A groundbreaking study carried out in Haifa suggests that regularly talking on a cellphone for more than an hour a day, and talking on the phone when it is connected to a charger, doubles the likelihood of a decrease in sperm concentration from 33.3 percent to 66.7 percent
[additional-authors]
February 17, 2016

A groundbreaking study carried out in Haifa suggests that regularly talking on a cellphone for more than an hour a day, and talking on the phone when it is connected to a charger, doubles the likelihood of a decrease in sperm concentration from 33.3 percent to 66.7 percent.

The study also indicates that sperm concentration decreases to an abnormal level in men who carry their phone at a distance of less than 20 inches from the groin.

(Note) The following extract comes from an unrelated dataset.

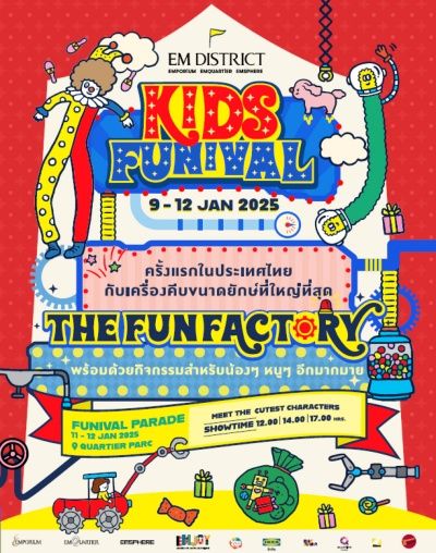 เตรียมตัวเลย! ในวันที่ 9 - 12 ม.ค. 2568 ตั้งแต่เวลา 10.00-21.00 น. ทาง EM DISTRICT เนรมิตศูนย์การค้าในเครืออย่างเอ็มโพเรียม (The Emporium) เอ็มควอเทียร์ (The EmQuartier) และเอ็มสเฟียร์ (The Emsphere) ให้เป็นดินแดนแห่งความสุขและสนุกสนาน จัดเต็มทั้งเครื่องเล่นและกิจกรรมมากมาย

An abnormal concentration was found in about 47 percent of men who carry the phone at a close distance, compared with about 11 percent in the total male population.

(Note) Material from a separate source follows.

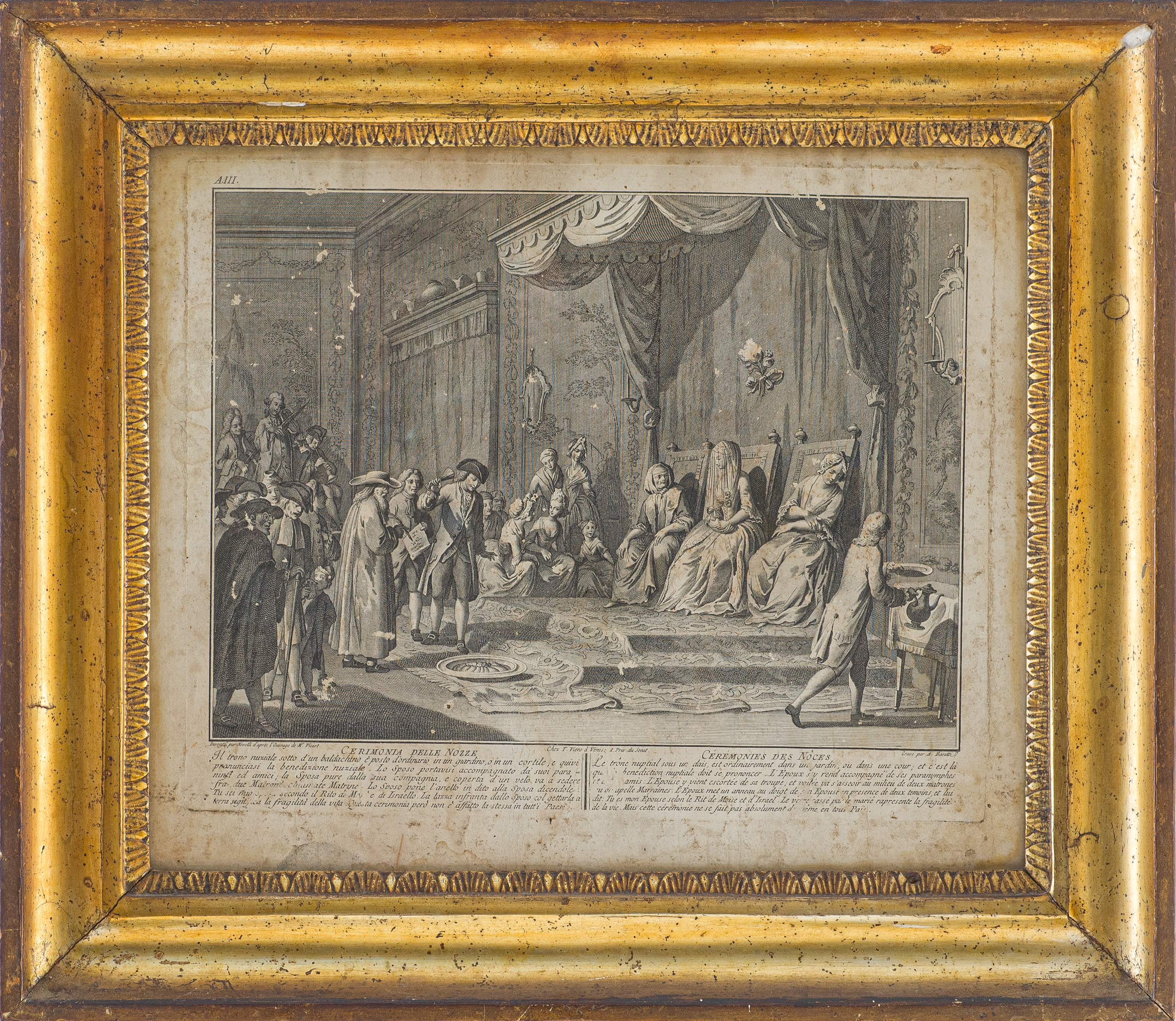 Coppia di incisioni su carta a bulino raffiguranti "La festa di Pasqua" e "La cerimonia delle nozze" entro cornici a canna ciaccata in legno dorato ad argento e mistura

The findings, reported in Reproductive BioMedicine Online, support a long-held suspicion of a link between cellphone use and male infertility caused by radio frequency electromagnetic radiation emitted from the phones.

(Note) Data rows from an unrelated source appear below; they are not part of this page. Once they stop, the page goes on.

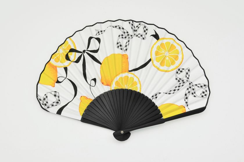 人気イラストレーター マツオヒロミによるデザイン「LEMON RIBBON」をシェル型扇子で制作いたしました。
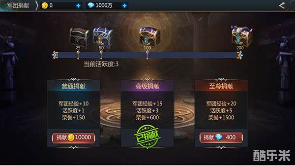 军团捐献有3档,玩家可以选择3档都进行捐献,相互之间并不影响,但是每一档每日都只能捐献一次;
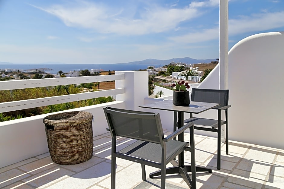 The white-washed Junior Suite, decorated with earthy tones and wooden elements, is located on the upper level of the hotel. It includes a living room and a 32” TV and opens out to a furnished private balcony overlooking Mykonos Town and the sea.
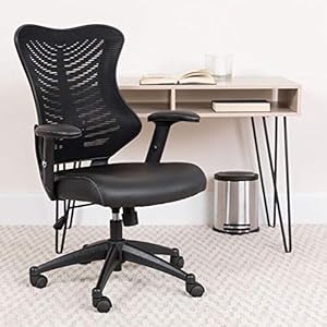 Flash Furniture High Back Black Leather and Mesh Swivel Task Office Chair with Arms

“In light of the research findings, it is certainly recommended to shorten the duration of calls, not to carry the phone near the groin, not to sleep next to it, not to talk while it is being charged — in fact, it is better to turn it off while it is being charged — and to use a headset or hands-free kit whenever possible,” warned lead author Dr. Ariel Zilberlicht, a gynecologist at Carmel Medical Center and a faculty member at the Technion Faculty of Medicine, both in Haifa.

Zilberlicht and his colleagues stress that further and larger studies are needed to confirm their findings of cellular radiation damage in the context of male infertility.

Male sperm quality, which is steadily declining in Western countries, accounts for 40 percent of infertility problems among couples. Accumulated research knowledge on this subject shows that sperm quality is affected by congenital genetic factors but also by environmental variables — including the growing use of cellphones.

Previous studies looking at a possible connection between sperm quality and the radiation emitted by cellphones have reached varying conclusions because they were carried out under different sets of conditions, such as laboratory experiments on tissue or on animals. Furthermore, most of these studies have not addressed all the relevant variables.

The Haifa study involved 106 men who had been evaluated at Carmel Medical Center’s Fertility and In Vitro Fertilization (IVF) Unit in 2011-2012, and addressed a wide range of variables related to cellphone usage habits and sperm quality according to parameters set by the World Health Organization in 2010.

Participants filled out detailed questionnaires including demographic characteristics and data, medical conditions, and highly detailed and comprehensive questions about their cellphone usage: how much time spent on the phone each day, where the phone is carried, whether calls are made or received in areas with poor reception and while the phone is charging, and others.

After collecting the data, the researchers examined the connection between all the independent variables and sperm-quality results. Their published paper reporting the results is titled “Habits of cell phone usage and sperm quality — does it warrant attention?”

The study was carried out as part of the doctoral work of Dr. Yulia Sheinfeld from the Technion Faculty of Medicine, under the guidance of Technion clinical associate professor Martha Dirnfeld, director of the Fertility and IVF Unit at Carmel Medical Center.